A happy (or otherwise) note to end with :-- Research has shown that a bachelor is three times more likely to go mad than a married man. I tend to disagree, especially if the married man is the father of a bride-to-be, as the average price of a wedding is now £22,000.

 

 

Monday, 9 February 2009

Banks, Allowances, and Cheddar

 

Over the weekend, we have been given the glad tidings that the Royal Bank of Scotland and Lloyds TSB are to give staff at least £1billion in bonuses, despite having having received more than £25 billion in hand-outs, largely because of their ineptitude. That amount represented an average contribution to the bank of around £1,300 by each family in the UK. The banks justify their actions by saying that if they don’t reward their best employees, they will seek work elsewhere. I think it might take a while for them to get other work —  are they not aware that Britain is sinking deeper each day into recession and mass unemployment?

 

Home Secretary (should there be a “Second” in front of that “Home”?) Jacqui Smith, responsible for law enforcement in the country, has a large family home in Redditch, for which she claims a tax free payment of up to £24,000 a year, as she has designated her sister’s house as her main residence, meaning that the Redditch one is classed as her second home. Her husband and children live there, and he is paid £40,000 for the privilege of being her assistant. Ms Smith herself earns £142,000 as Home Secretary, and claimed a total of £152,000 in Commons expenses for the period 2006-07. That’s a handy £5654 a week, just a trifle more than those of us who have the option of either eating or heating.

 

A list of Britain’s Top National Wonders was released at the end of the week. It was headed by the Lake District; The Scottish Highlands made it into second place, and according to the Daily Express, Cheddar George came in third. I can only hope that his partner is partial to the bovine product as well.

 

I see that Bernard Madoff, he who made off with an estimated £35 billion, has taken to wearing a bullet-proof vest. He’s currently under house arrest at his £4 million Manhattan apartment, poor chap. I don’t think the vest should make him feel too confident about his safety, as many of those trigger happy guys who’d like to take a potshot at him would probably be aiming further south.

Saturday, 24 January 2009

Freddie Goodwin, Banks, Birds, and Stripper

Airdrie Bank and Sir Freddie Goodwin

The good folk of Airdrie in Scotland must be scratching their heads in bewilderment this week. After all, it’s only very recently, 2002 in fact, that Airdrieonians FC, their football team founded in 1878, had to fold due to bankruptcy, with debts approaching £3 million. Fortunately a local man, Jim Ballantyne, bought out the ailing side Clydebank, relocated the club to Airdrie, and a new club was born, with the name Airdrie United.
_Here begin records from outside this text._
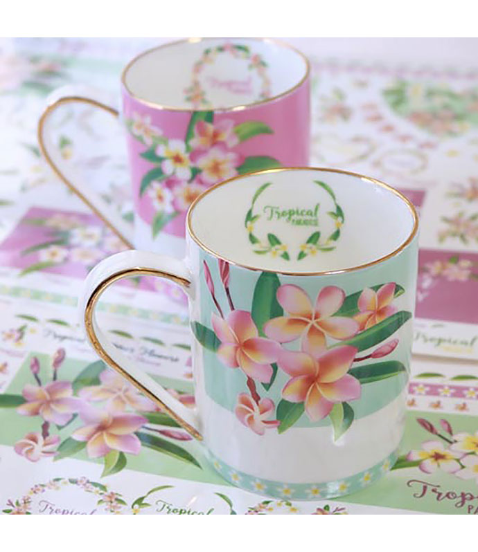 プルメリアを魅力的に表現するために背景色をパステルエメラルドのグラデーションにし、デザインしたものです。
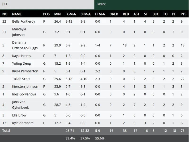 虎扑01月22日讯 今日NCAA女篮常规赛,贝勒大学73-48战胜中佛罗里达大学。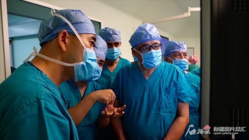 7月28日,来自乌兹别克斯坦的骨科专家与自治区中医医院骨二科主任方锐(左一)交流手术方案。马莹摄
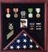 Veterans flag, photo, Medal display case.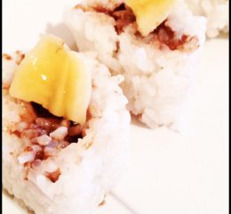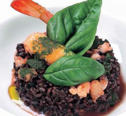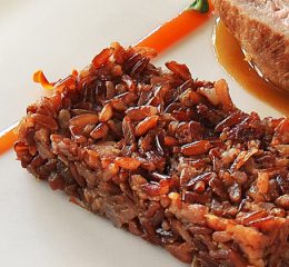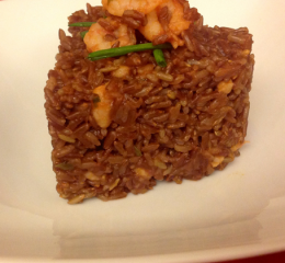 Preparazione del riso orientale: in una casseruola soffriggere con olio, la cipolla, il peperone a pezzi, l’aglio e lo zenzero. Unire il riso e tostarlo. Aggiungere piano piano il brodo sempre rimestando. Portare a cottura.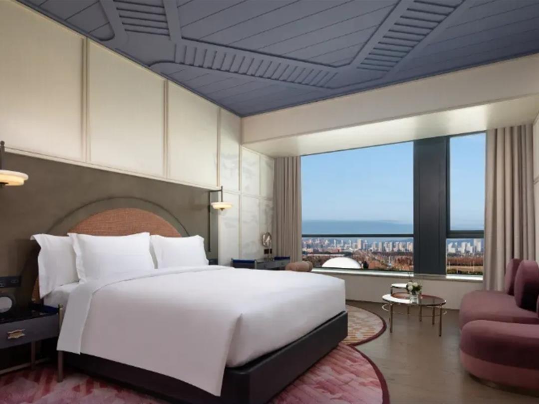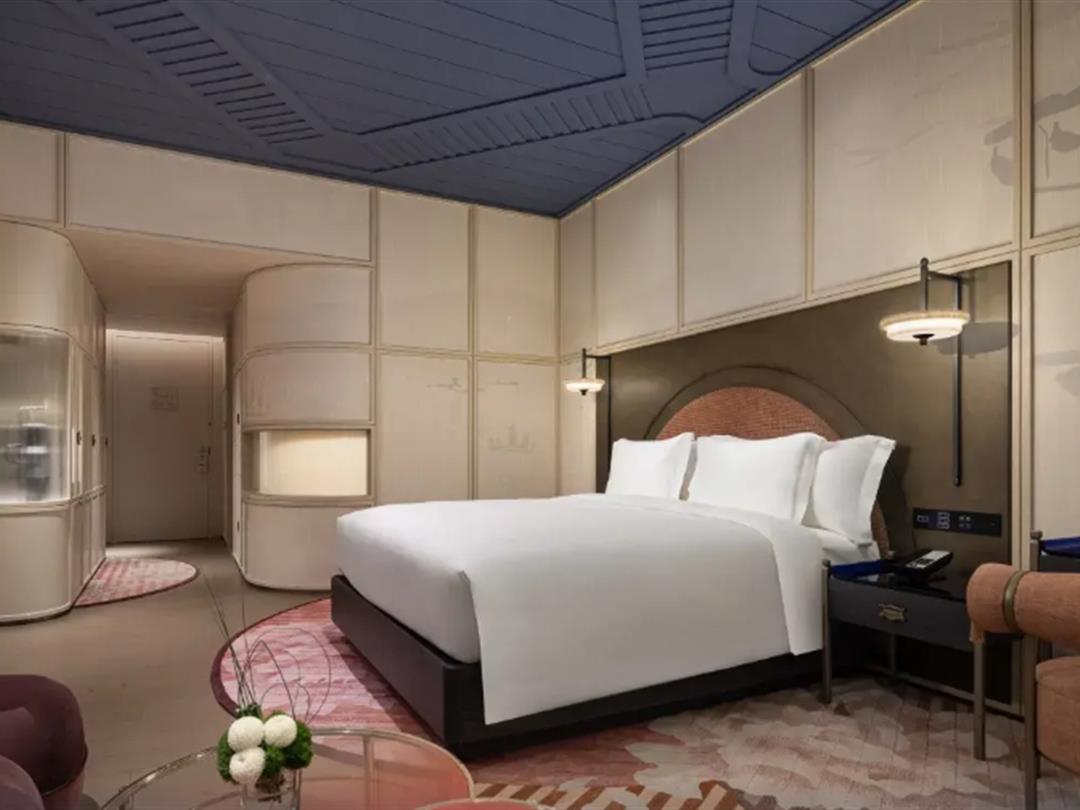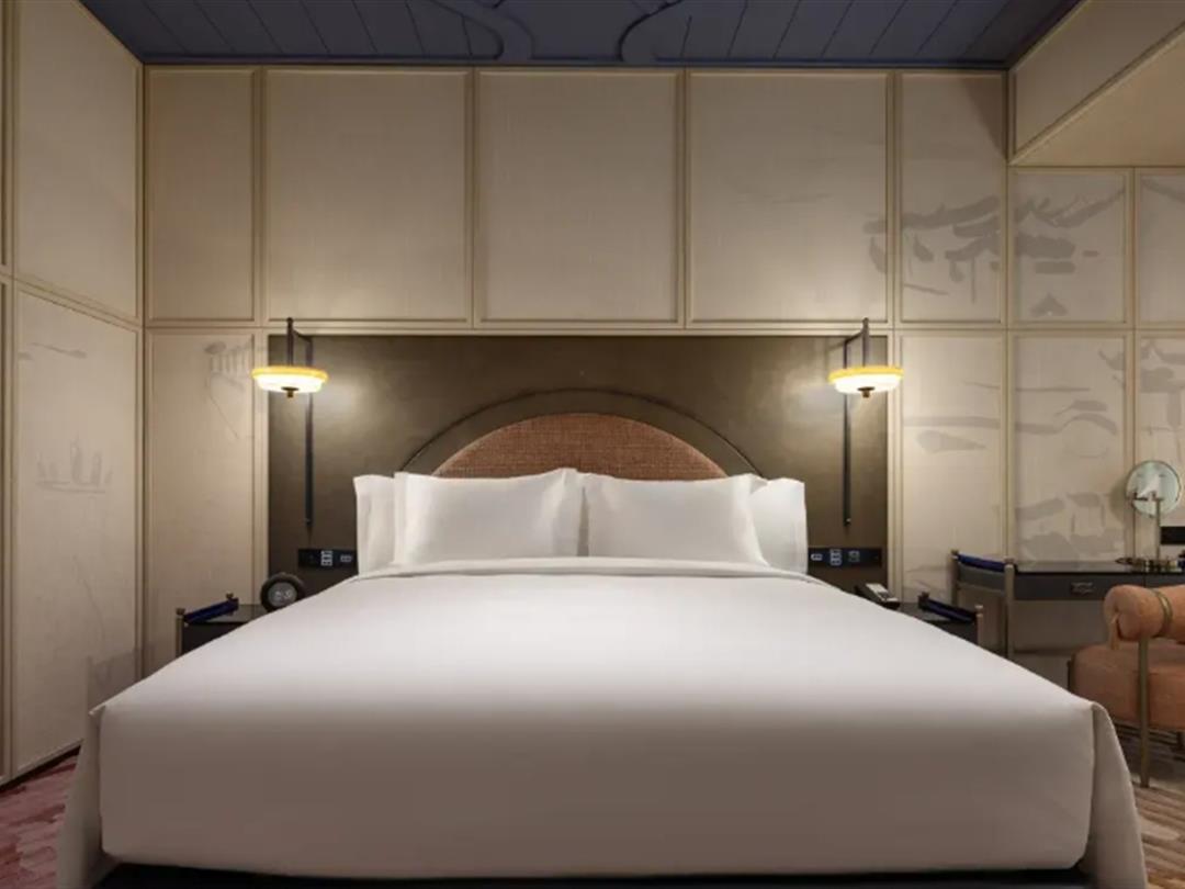 作为世界知名的赏樱胜地,客房地毯是无锡市花“杜鹃花”,床头是江南特色的拱桥,墙面上的湖和船,目光所及皆为锡城邻里文化元素。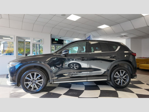 The Mazda CX-5 Sport Nav 4WD is one of the most refined and capable SUVs in its class ? combining sharp design, premium quality, and a rewarding drive. This 2018 example, with the sought-after 2.2 Skyactiv-D engine, manual gearbox, and Sport Nav specification, is presented in superb condition throughout and drives beautifully.Finished in stunning black metallic, this CX-5 looks stylish and modern from every angle. The bold front grille, LED headlights, and 19-inch diamond-cut alloy wheels give it real road presence. Paintwork and body panels are in excellent condition, reflecting careful ownership.  Interior Step inside and you?ll find a luxurious and tech-filled cabin finished in high-quality materials. The Sport Nav trim is the range-topping specification and includes: Full black leather interior Heated front seats and electric driver?s seat with memory Touchscreen infotainment system with satellite navigation Reversing camera and front/rear parking sensors Premium Bose sound system Bluetooth and USB connectivity Dual-zone climate control Multifunction steering wheel Keyless entry and start Cruise control Heads-up display (HUD) Auto headlights and wipers The cabin is clean, quiet, and extremely comfortable ? a genuine pleasure for both driver and passengers.  Performance & Efficiency Powered by Mazda?s acclaimed 2.2 Skyactiv-D engine, this CX-5 delivers strong performance with excellent fuel economy. Powerful yet efficient 2.2-litre diesel engine 6-speed manual gearbox ? smooth and precise 4WD system for extra grip and confidence in all conditions Economy up to 50+ MPG combined Refined, quiet, and engaging to drive 17in Alloy Wheels, ABS, Adjustable Steering, Air Conditioning, Alarm, Alloy Wheels, Bluetooth, Body Coloured Bumpers, CD Player, Central Locking, Climate Control, Cruise Control, ESP, Electric Adjustable Seats, Electric Heated Seats, Electric Mirrors, Electric Windows, Engine Immobiliser, Folding Rear Seats, Four Wheel Drive, Front Airbags, Front Fog Lights, ISOFix Anchor Point, MOT, Parking Sensors, Radio, Satellite Navigation, Service History, Start Stop System, Steering Wheel Controls, Sunroof, Traction Control, V5 Registration Document

It now seems that the Chief Executive of Airdrie Savings Bank, Britain’s smallest, is to open a new branch in South Lanarkshire, and is considering disgraced Sir Freddie Goodwin for the manager’s post. This is the guy who was forced to quit the Royal Bank of Scotland last year, when the Government stepped in with an emergency bailout. RBS revealed earlier this week that Sir Fred’s acquisition of Dutch rival ABN AMRO would cause record losses of £28 billion for 2008. Compare this to the £790,000 profit that the Airdrie bank made for that year.

Surely the 60,000 customers and 103 staff of this small but successful bank, must be hoping that Jim Lindsay, the Chief Executive, is talking tongue in cheek. Otherwise, they might as well splash out on bigger mattresses sooner rather than later.


Stripper’s Shoe

A nightspot is being sued for £18,000 by a man who was hit on the nose by a stripper’s platform shoe. The lawsuit alleges that the XTC nightclub management allowed the dancers to wear “improper attire”, and asked strippers to perform dances that made the stage a “hazardous area”. Yusuf Evans, from Ohio, claims that he has had difficulty in breathing since then. Given the nature of the entertainment, methinks that he had difficulty in breathing even before the shoe made contact.

Bird Count

The annual bird count is now upon us. I wonder if I should include the blond neighbour on my left, and the brunette who resides on my right?